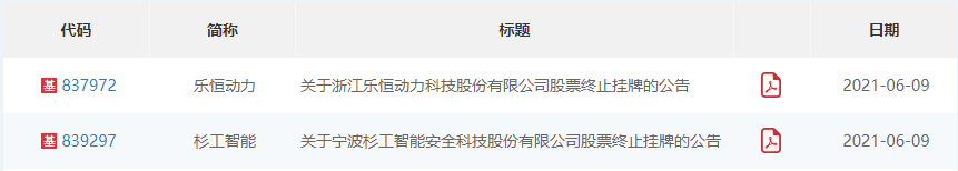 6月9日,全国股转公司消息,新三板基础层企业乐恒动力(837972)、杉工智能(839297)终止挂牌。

══════

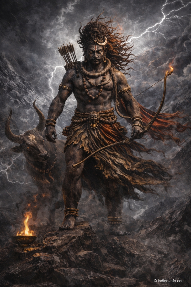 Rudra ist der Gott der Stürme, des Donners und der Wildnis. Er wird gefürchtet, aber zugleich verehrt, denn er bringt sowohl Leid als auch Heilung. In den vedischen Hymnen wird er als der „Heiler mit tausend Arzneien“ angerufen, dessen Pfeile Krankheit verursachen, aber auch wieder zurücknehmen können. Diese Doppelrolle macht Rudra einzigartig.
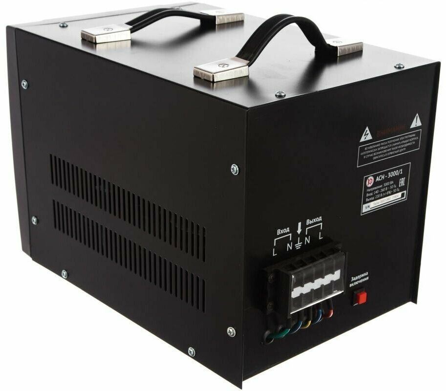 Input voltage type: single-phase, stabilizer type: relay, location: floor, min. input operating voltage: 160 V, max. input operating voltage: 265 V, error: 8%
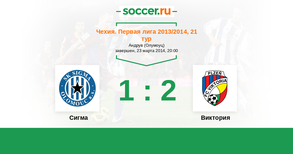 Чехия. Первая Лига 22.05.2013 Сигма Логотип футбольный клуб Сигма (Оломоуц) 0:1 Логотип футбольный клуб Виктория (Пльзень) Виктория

══════

— Task —
Give back exactly the lines above that run from the one with "Rudra ist der" to the one with "Чехия. Первая Лига", including both, with the pictures left out.

— Task solution —
 Rudra ist der Gott der Stürme, des Donners und der Wildnis. Er wird gefürchtet, aber zugleich verehrt, denn er bringt sowohl Leid als auch Heilung. In den vedischen Hymnen wird er als der „Heiler mit tausend Arzneien“ angerufen, dessen Pfeile Krankheit verursachen, aber auch wieder zurücknehmen können. Diese Doppelrolle macht Rudra einzigartig.
 Input voltage type: single-phase, stabilizer type: relay, location: floor, min. input operating voltage: 160 V, max. input operating voltage: 265 V, error: 8%
 Чехия. Первая Лига 22.05.2013 Сигма Логотип футбольный клуб Сигма (Оломоуц) 0:1 Логотип футбольный клуб Виктория (Пльзень) Виктория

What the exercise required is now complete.